New Otago University research reveals that New Zealand’s construction workers are more than two times more likely to die by suicide than the rest of the workforce, but one group has achieved global recognition in trying to turn things around
While construction workers make up about 9.5% of all workers, the study found that between 17.3% (2010/11) and 29.7% (2018/2019) of those who died by suicide in New Zealand were employed in the sector. As there are still open cases with coroners for the years 2017-2019, the numbers are likely to be even higher.
The research has been commissioned by suicide prevention and support program MATES in Construction (MATES) and funded by the Building Research Levy.
“These research findings show it’s more important than ever that we increase our focus on mental health in the workplace. We know that for the predominantly male construction workforce, this isn’t a group that is likely to proactively seek help or reach out to offer it,” McArthur says.
Academic Director of MATES, Dr Chris Bowden says that, “this important piece of New Zealand research gives us a better idea of who is most vulnerable, experiencing situational distress and in need of more support. There needs to be greater funding set aside for data-driven targeted workplace-based suicide prevention initiatives that are industry-led”.
Another new study has shown that MATES’ General Awareness Training significantly improved construction workers’ confidence in noticing others’ distress as well as their competence in encouraging co-workers to seek support.
These two new studies are part of BRANZ’s wider research into mental health and wellbeing in the construction industry. “We aim to gain a better picture of some of the factors that affect the mental health of the building and construction workforce,” BRANZ’s General Manager Research Dr Chris Litten says.
“The more we know about these stress factors, the better the industry can address the root causes and work with providers like MATES in Construction on developing tailored support programmes.
“It’s also great to see that co-workers are more aware of the issue and looking out for their mates – that’s going to be a good thing.”

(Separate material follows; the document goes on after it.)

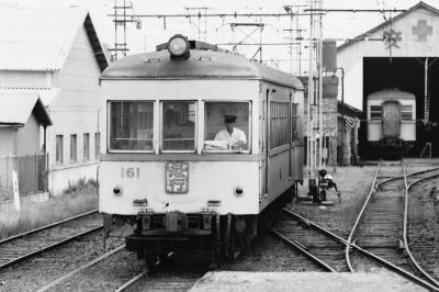 平田市駅(現・雲州平田駅)には,当時から一畑電鉄(現・一畑電車)の本社と車庫があります。 ホームに隣接した車庫には,デハ1形,デハ20形,デハニ50形,60系,70系などや, 留置の凸型電気機関車ED22,貨車を撮影することができました。 デハ1形,デハ20形,デハニ50形などはオレンジ色車体に白線の塗色で普通列車に, 西武鉄道から譲渡・改造された60系,70系などは,クリーム色車体に青線の塗色で, 急行列車に運用されていました。 |

MATES also featured as an example of world’s best practice in suicide prevention in a recent World Health Organisation (WHO) publication.

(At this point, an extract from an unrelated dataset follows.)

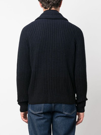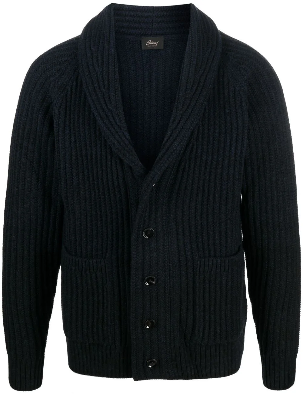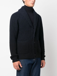 chunky-knit shawl collar cardigan Highlights - Navy blue - Virgin wool-cashmere blend - Chunky ribbed knit - Shawl lapels - Front button fastening - Extra-long sleeves - Two front patch pockets Made in Italy Composition Cashmere 50%, Virgin Wool 50% SIZE & FIT Model measurements Height 6 ft 2 in(1.89 m) Bust/Chest 38.97 in(99 cm) Hips 38.18 in(97 cm) Waist 32.28 in(82 cm) FittingInformation Designed for a slim fit, offering a comfortable fit that sits just away from the body Made with a midweight knit, this piece offers some stretch This piece fits true to size – take your usual size Washing instructions Dry Clean Only

“We have a programme that is working with the evidence to back it,” Dr Bowden says.
“As we face greater uncertainty in dealing with the Delta variant, it’s important that the construction industry does more to look after our people. That’s why we will shortly expand the MATES programme to reach more of our construction community, including a greater support for the residential sector which is under significant strain.

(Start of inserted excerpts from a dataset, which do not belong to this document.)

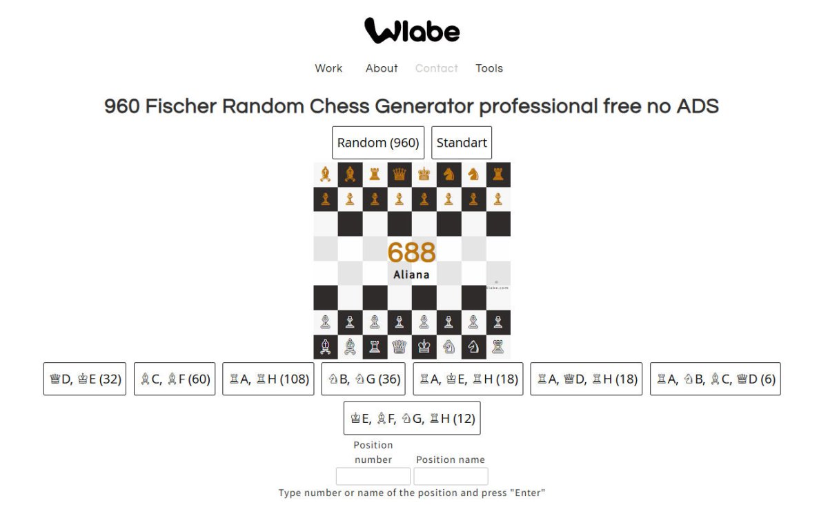 mais les pièces mineures ( cavaliers & fous ) et majeures ( tours, dame et roi ) sont choisies aléatoirement.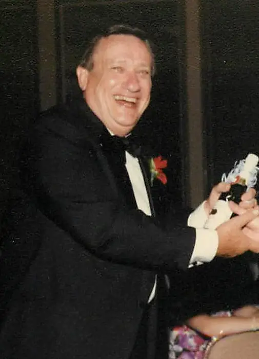 George J. Lavin, Jr. smiling in a tuxedo at a formal event, holding an award or celebratory item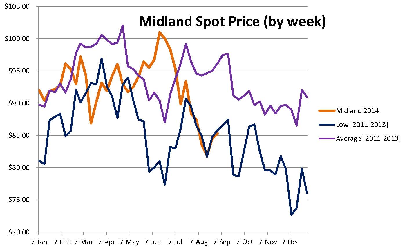 Spot prices at the Permian’s main hub in Midland, Texas, are trending among three-year lows. Its differential on August 25, 2014, was roughly $8 below the West Texas Intermediate (WTI) price and approximately $17 below the Brent spot price. The growing differential between the two chief spot prices has widened in the midst of growing supply in the United States and political unrest overseas.

“We know the scale of the problem, we have the tools, now we need to redouble our efforts to look after our people.” Dr Bowden said.
Key findings from the two new Building Research Levy-funded studies
• Construction workers are at more than twice the risk of dying by suicide compared to the rest of the workforce.
• The highest proportion of suicides in the industry by age range was in male 20–24-year-olds (16%), followed by male 45-49-year-olds (13.7%).
• Māori men are significantly overrepresented in these statistics, making up 21.3% of suicides.
• There are higher numbers of suicides in lower socioeconomic status construction industry occupations.
• The occupations with the highest number of suicides were builder’s labourers, technicians and trades workers, painting trades workers, carpenters, electricians, carpenters and joiners, and plumbers.
MATES’ General Awareness Training significantly improved participants’ perception of suicide prevention, their confidence in noticing others’ distress, and their competence in connecting co-workers to appropriate support.